Mr Prescott would dearly have loved to have found someone else to form the other half of his latest Public Private Partnership. Unfortunately, as with the Channel Tunnel Rail Link, the obvious partner is Railtrack, particularly when it comes to those bits of the Tube that run closest to the surface and could be linked up to Railtrack's national rail network.

Railtrack will not own these assets, however. Instead, the taxpayer will pay it an annual fee to maintain and invest in the lines while at the same time making them available to a publicly-owned operator, London Underground, for a fixed period.
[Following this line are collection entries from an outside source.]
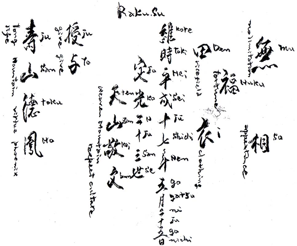 Also Dedicating "Jakkoan Zendo" (Calligraphy by Hojosama Keibun Otogawa) Conducted May 29, 2005 by Michael Newhall, Resident Teacher, Jikoji, Los Gatos, CA USA Rakasu, and Calligraphy with Translations, generously provided by Hojosama Keibun Otogawa, Jokoji, Kamo-shi, Niigata-ken, Japan |
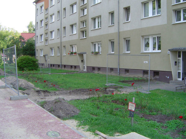 Gegenüber der Kita Paulinchen, wo heute die aktuellen Vorgänge sicherlich Attraktion gewesen sind. Foto: E. Schwarz, 2008.
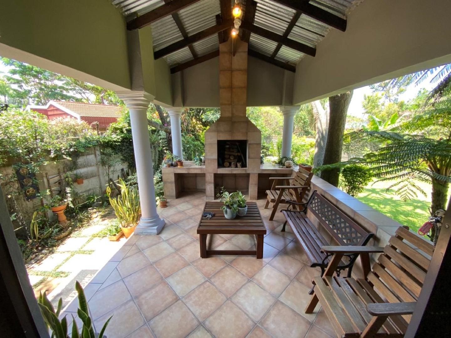 This charming property features a spacious 3-bedroom, 2-bathroom main house, with the master bedroom boasting an en-suite bathroom. The living room/lounge is generously sized and opens onto a patio equipped with a built-in braai, perfect for entertaining. The lovely garden offers ample space for children and pets to play. Additionally, the property includes a separate 2-bedroom, 2-bathroom garden cottage, each bedroom with its own en-suite. The cottage has an open-plan kitchen and living area that also opens to a patio with a built-in braai. Both the main house and the cottage have pre-paid electricity, and the property is complete with a double garage and fiber connection.
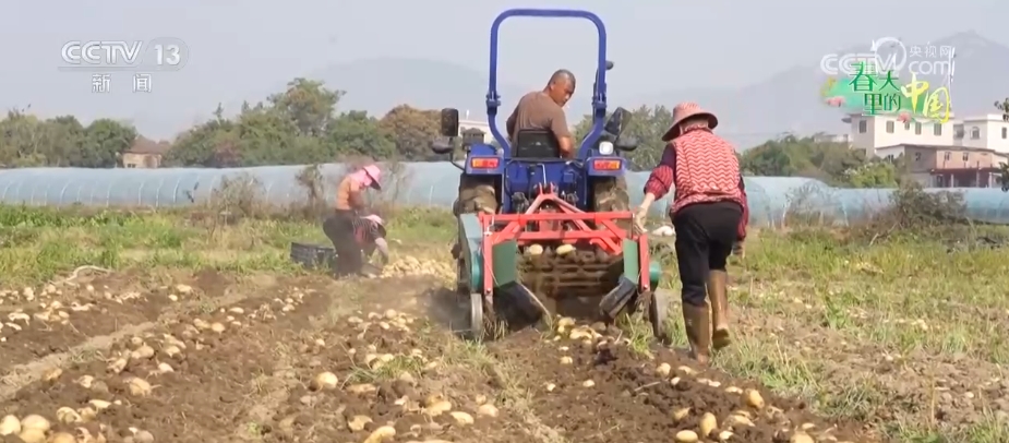 正在南安市官桥镇漳里村的种植,种植户驾驶着马铃薯收成机正在田间开展采收功课。一个个马铃薯翻腾而出,掉落田间,其他种植户分工协做,忙着分拣、拆箱。这个丰收季,本地采用“机械+人工”的采收体例,估计清明节前后,可完成采收工做。
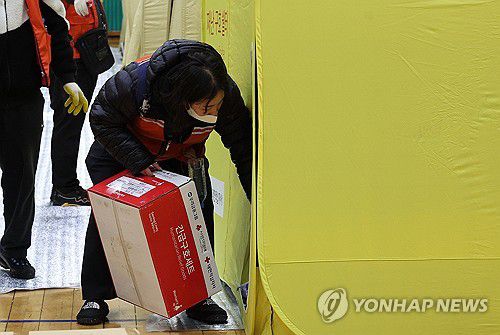 긴급구호 세트 배부하는 봉사자들
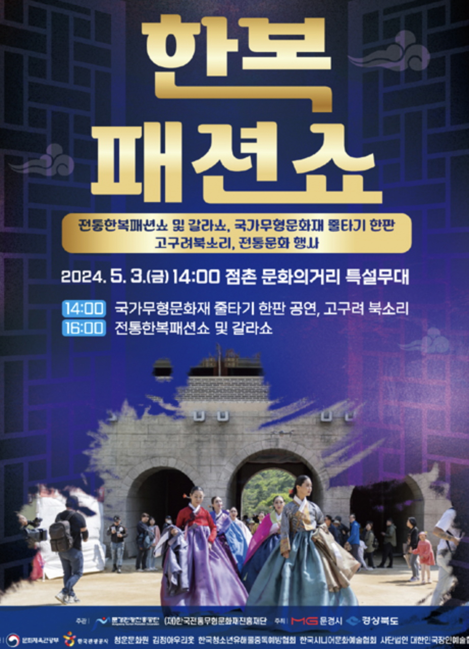 국가무형문화재 줄타기와 고구려 북소리, 전통문화 행사가 2024년 5월 3일 14:00에 점촌 문화의거리 특설무대에서 진행된다.
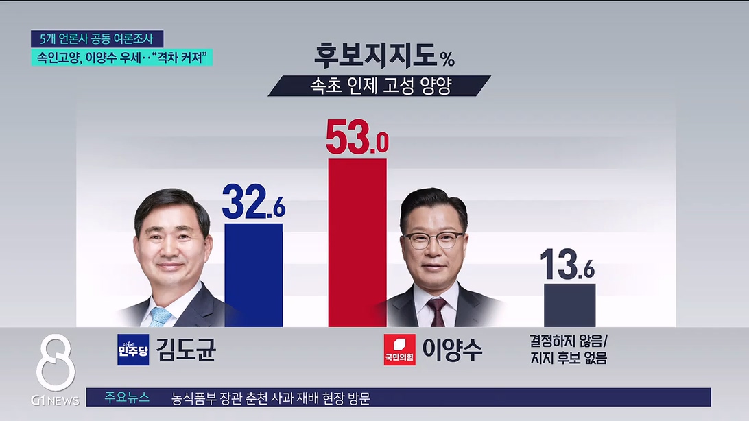 국민의힘 이양수 후보가 50%가 넘는 지지도를 얻으며,
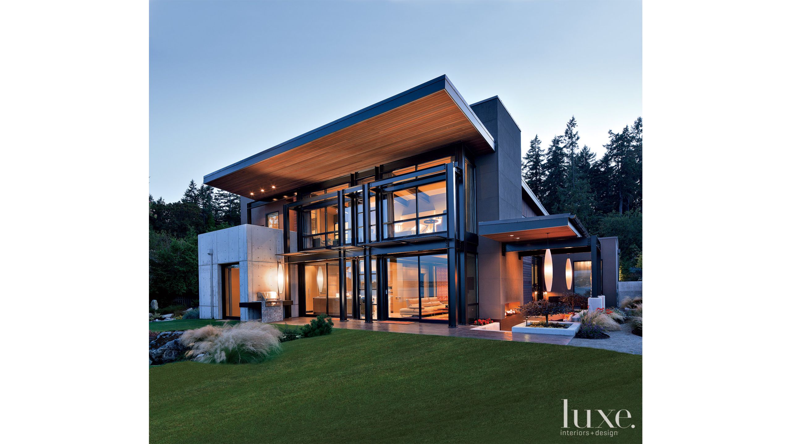 Modern Gray Exterior With Steel Beams Luxe Interiors Design

But what the minister giveth with one hand he taketh away with the other; Mr Prescott is promising a tough regulatory regime and swingeing fines for poor performance to keep Railtrack in line.

Since it will take at least a year to sort out minor details like the length of the Underground contracts, the amount of investment required and the rate of return that will be allowed, making an investment judgment about the impact on Railtrack remains hazardous.

The shares have underperformed the market by a quarter since the start of the year, largely on the strength of the tub-thumping of Mr Prescott and the Rail Regulator. But if they truly want a "joined up London", then they may have to cut Railtrack a little slack. Mr Prescott's dream is of a rail system that allows a passenger to travel from Essex to Heathrow without ever changing trains. He reckons Railtrack could deliver it, but those who remember the ill-fated Crossrail project will not be holding their breath.